▶ EXERCISE
Set down every line from the one containing "2階南面 遮光フィルム" through the last line of the records below, exactly as written, and leave out the pictures.
--------------------------------------------------
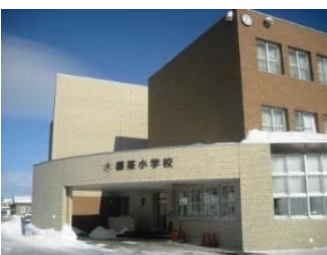
標茶町立標茶小学校

そこで、地図と衛星写真を使い、釧路湿原周辺の川と森林の位置を確認して、釧路湿原の水が広大な地域から集まっていること。川の upstream に森林があることを確認してもらい、森林の持つ機能、降った雨水の行方等の説明を行いました。
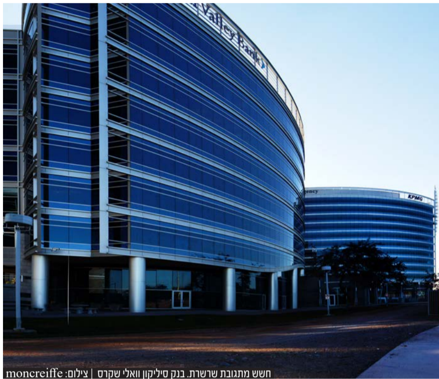
חשש מתגובת שרשרת. בנק סיליקון וואלי שקרס

החשש הגדול הוא מהעובדה שכמה מאילי ההון החרדים של ארה"ב שהחזיקו בחשבון בנק בסיליקון וואלי, עשויים לאבד חלק מכספם. אם כי הדיווח ביום שני
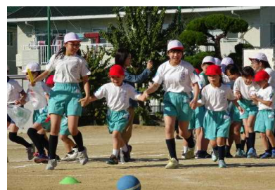
1年6年 ハッピーにこここタイム
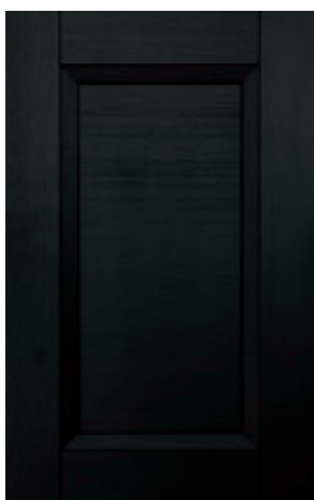
Nero 114M | Black 114M
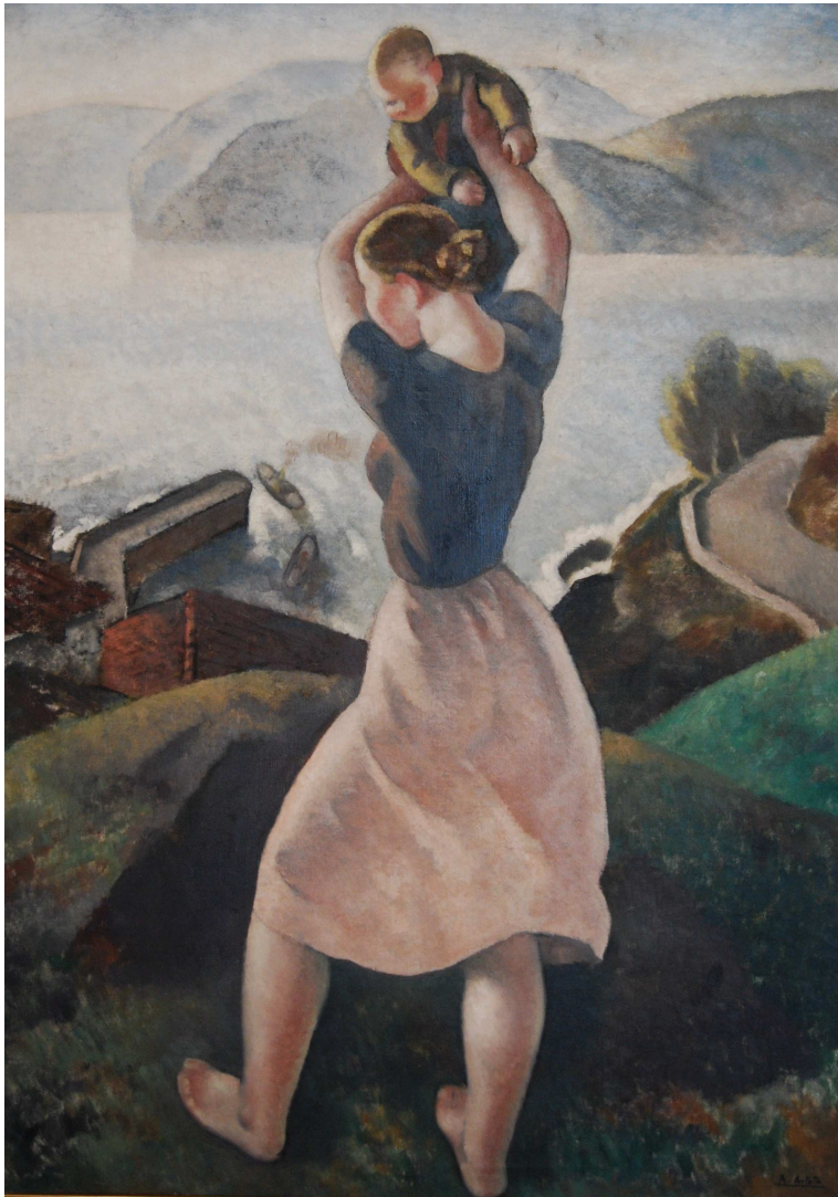
Despedida de los BARCOS

ÓLEO / LIENZO 123 x 89 CM. FIRMADO. HACIA 1933
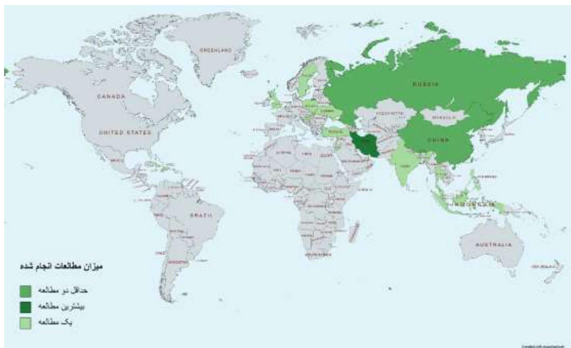
شکل ۲ - میزان توجه کشورها به موضوع کارآفرینی در حوزه گردشگری سلامت با توجه به تعداد مطالعات انجام شده
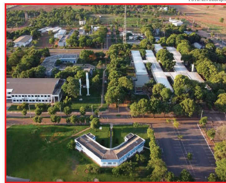
Candidatos devem se inscrever até o dia 16 pelo site da universidade

Um guia completo de Sinop. Tudo o que você procura a um clique!
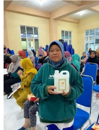
Gambar 4. Foto Peserta Pelatihan Pengawet Bunga Desa Sumberbrantas dengan Produk

kelapa dan citric acid dinilai sangat efektif. Hal ini dapat dilihat dari respon pelatihan yang sangat antusias mengikuti kegiatan. Salah satu peserta mengatakan “Pelatihan ini sangat menambah wawasan kami untuk menambah umur bunga, selain untuk skala industri, saya sebagai Ibu Rumah Tangga sangat terbantu untuk bereksperimen dengan pengawet ini pada bunga di ruang tamu rumah saya”.
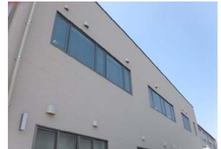
2階南面 遮光フィルム
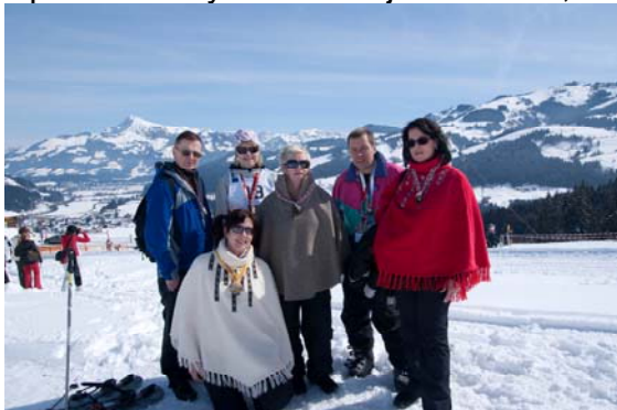
Lapin toiminnanjohtajat Itävallan kv-seminaarissa.
--------------------------------------------------
▶ RESPONSE FOR THIS EXERCISE
2階南面 遮光フィルム
Lapin toiminnanjohtajat Itävallan kv-seminaarissa.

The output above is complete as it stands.